DATA EXTRACTS |

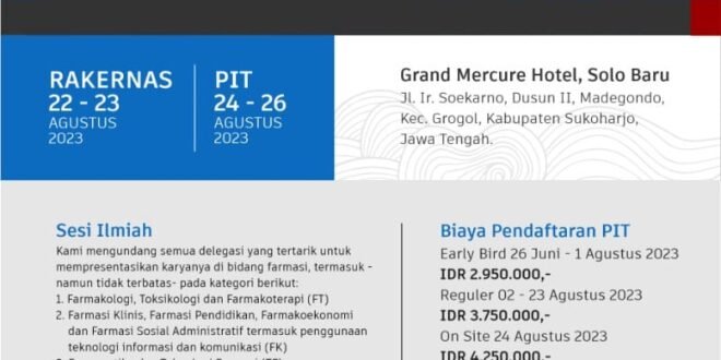 Majalah Farmasetika – Ikatan Apoteker Indonesia (IAI) kembali mengadakan agenda tahunan Pekan Ilmiah Tahunan (PIT) IAI dan Rapat Kerja Nasional (Rakernas) 2023 dengan topik Synergizing Global Innovations: Empowering Pharmacy for Sustainable Global Health Solutions dengan total 25 SKP (Satuan Kredit Partisipasi).
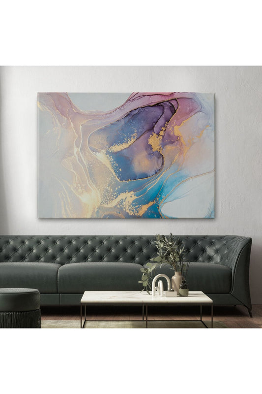 Mürekkep ve Alkol Elementleri ile Mermer Deseni Verilmiş Kanvas Tablo-5030
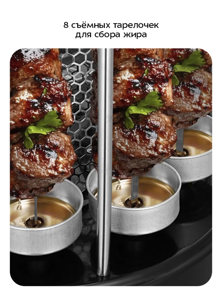 Благодаря вертикальной конструкции электрошашлычница очень компактна и не занимает много места. Под каждым шампуром расположена специальная емкость, куда стекают сок и жир. Кожух шашлычницы с ручками легко снимать и устанавливать.
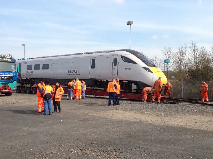 The first of the Class 800 trains arrives at RIDC at Asfordby
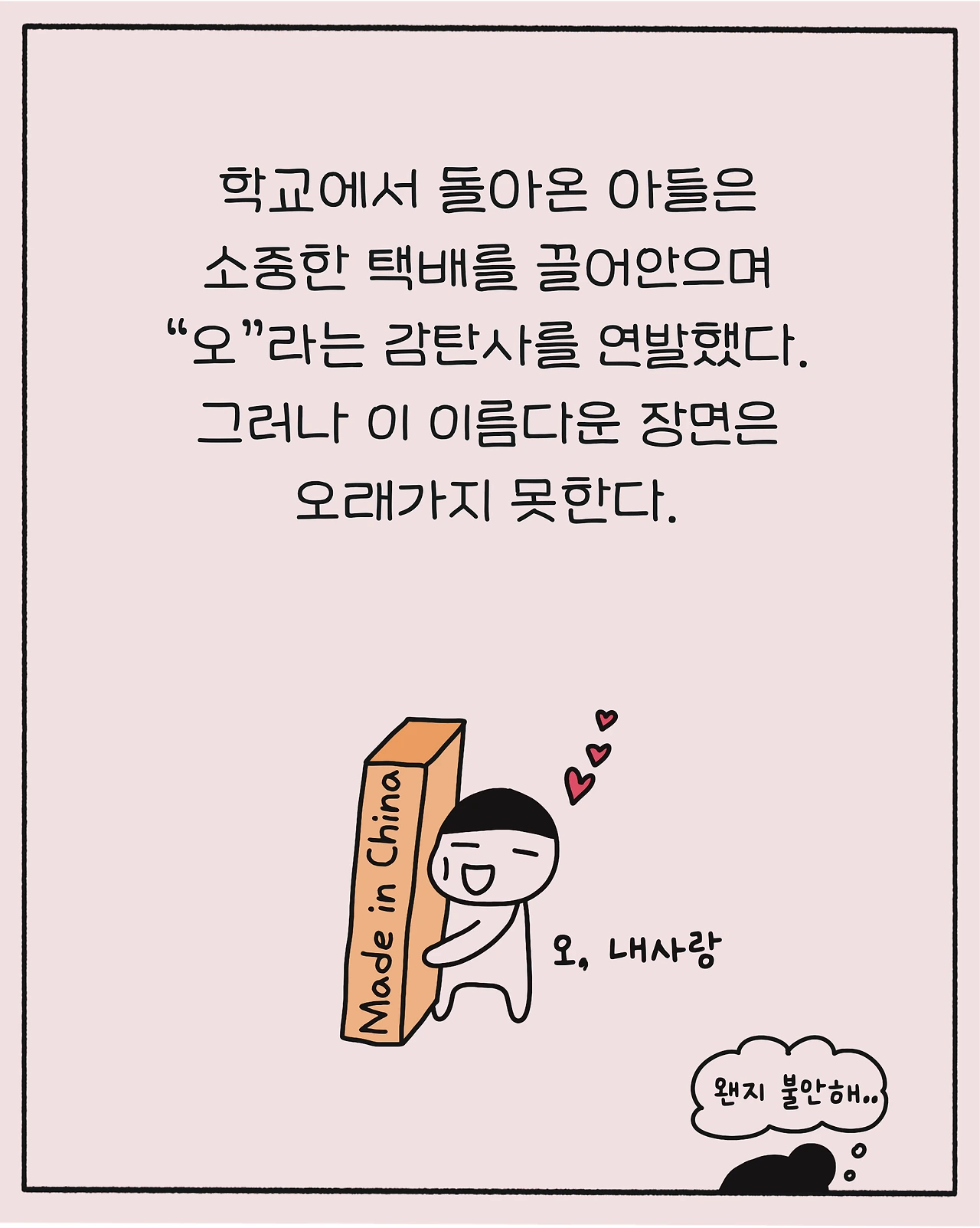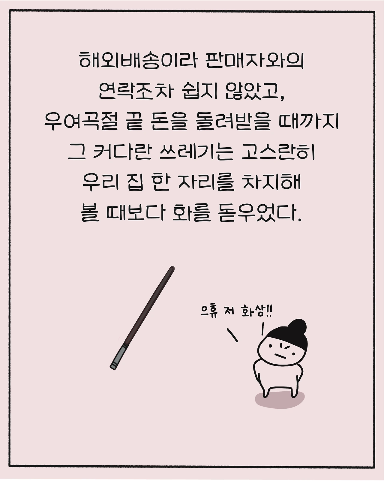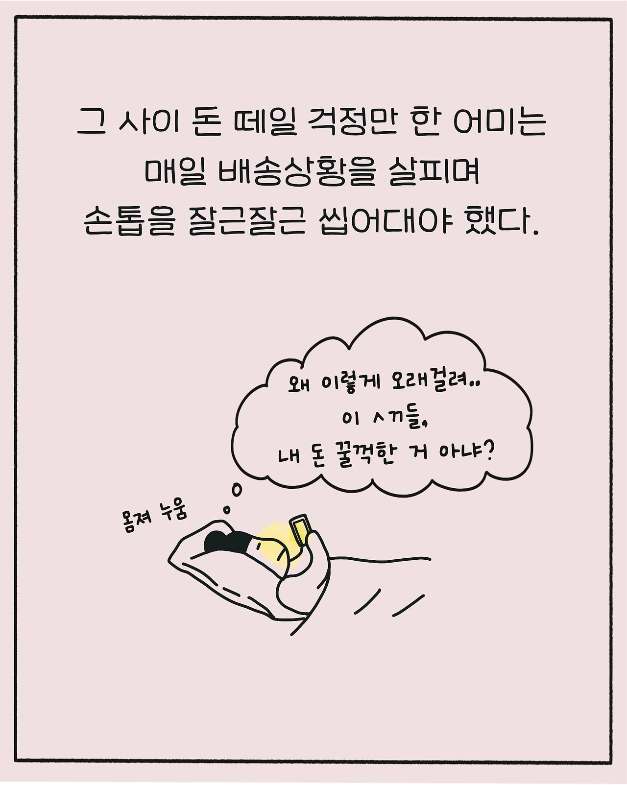그 사이 돈 떼일 걱정만 한 어미는 매일 배송상황을 살피며 손톱을 잘근잘근 씹어대야 했다.
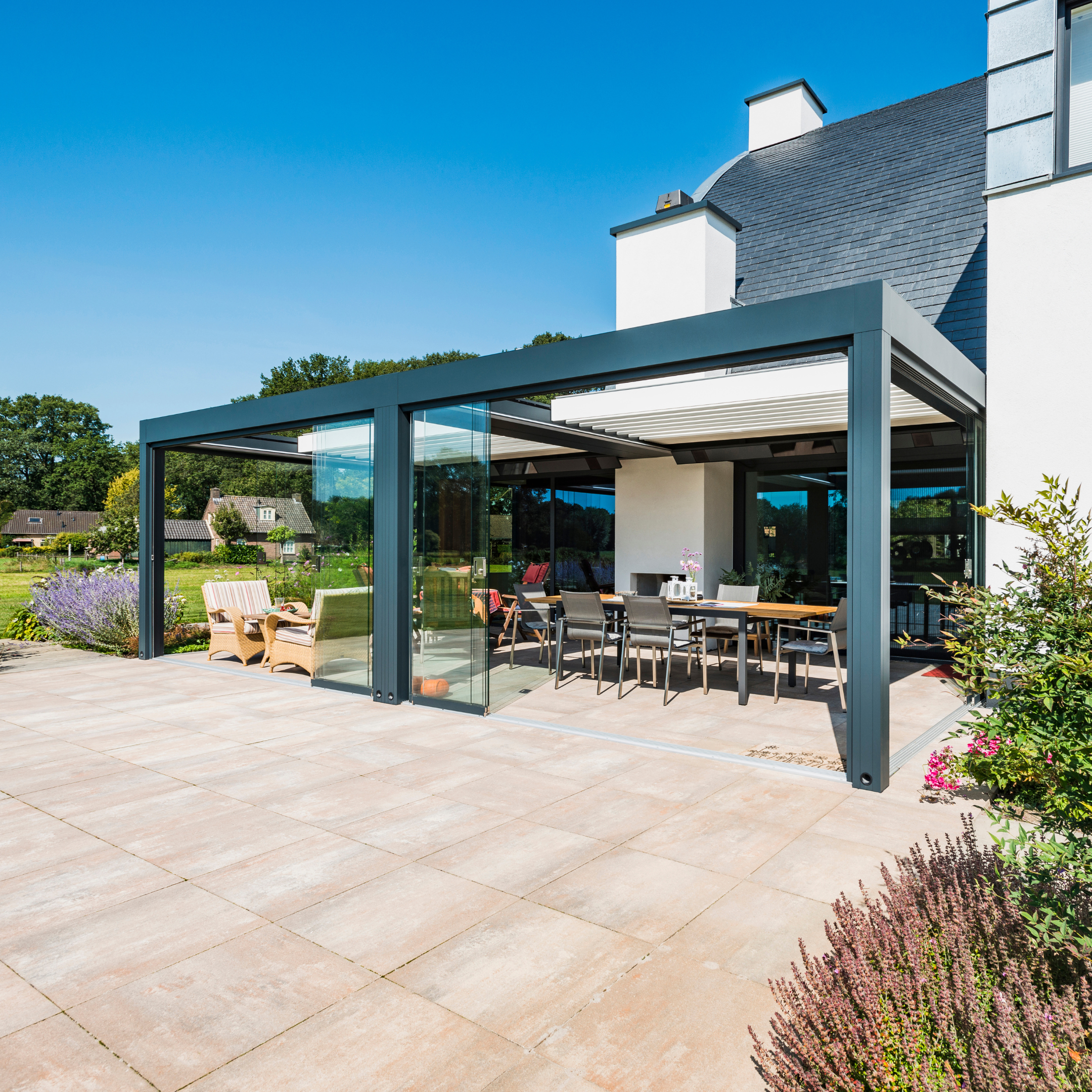 Robust, stylish, and weatherproof - a sleek design with a fixed roof system for reliable protection and year-round outdoor enjoyment
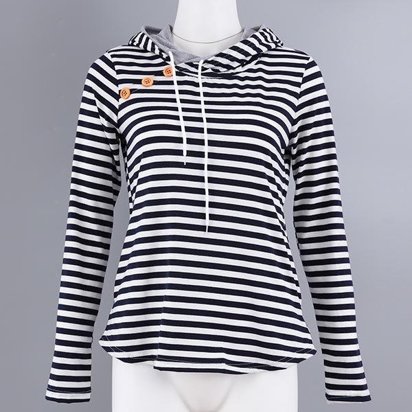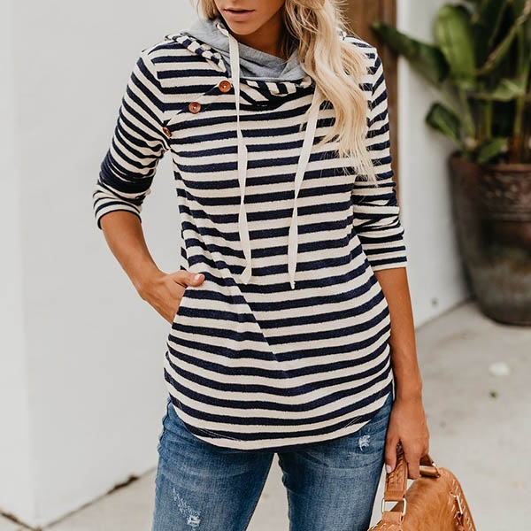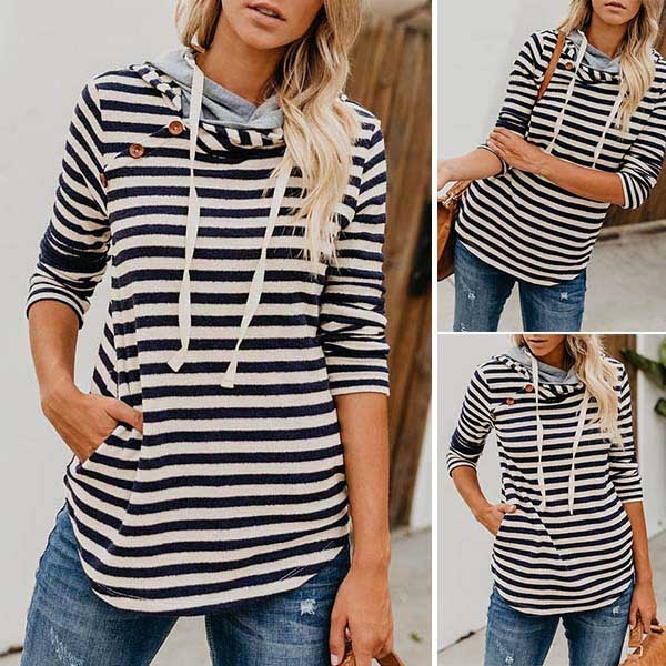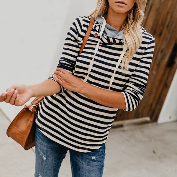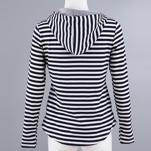 to look effortlessly in style. Designed with striped element,finished with long sleeve,hooded silhouette
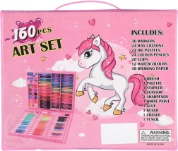 Deze rijk uitgeruste tekenset maakt elke kleine kunstenaar blij. Het eenhoorndesign springt meteen in het oog en het praktische plastic koffertje houdt alle materialen overzichtelijk bij elkaar. Dankzij het brede palet aan kleuren en soorten schrijfwaren is de set perfect voor tekenen, schilderen, inkleuren en de eerste kunstprojecten.

EXERCISE PROMPT | Output the complete listing exactly as it appears, except for the images.

OUTPUT FOR THIS TASK |
 Majalah Farmasetika – Ikatan Apoteker Indonesia (IAI) kembali mengadakan agenda tahunan Pekan Ilmiah Tahunan (PIT) IAI dan Rapat Kerja Nasional (Rakernas) 2023 dengan topik Synergizing Global Innovations: Empowering Pharmacy for Sustainable Global Health Solutions dengan total 25 SKP (Satuan Kredit Partisipasi).
 Mürekkep ve Alkol Elementleri ile Mermer Deseni Verilmiş Kanvas Tablo-5030
 Благодаря вертикальной конструкции электрошашлычница очень компактна и не занимает много места. Под каждым шампуром расположена специальная емкость, куда стекают сок и жир. Кожух шашлычницы с ручками легко снимать и устанавливать.
 The first of the Class 800 trains arrives at RIDC at Asfordby
그 사이 돈 떼일 걱정만 한 어미는 매일 배송상황을 살피며 손톱을 잘근잘근 씹어대야 했다.
 Robust, stylish, and weatherproof - a sleek design with a fixed roof system for reliable protection and year-round outdoor enjoyment
 to look effortlessly in style. Designed with striped element,finished with long sleeve,hooded silhouette
 Deze rijk uitgeruste tekenset maakt elke kleine kunstenaar blij. Het eenhoorndesign springt meteen in het oog en het praktische plastic koffertje houdt alle materialen overzichtelijk bij elkaar. Dankzij het brede palet aan kleuren en soorten schrijfwaren is de set perfect voor tekenen, schilderen, inkleuren en de eerste kunstprojecten.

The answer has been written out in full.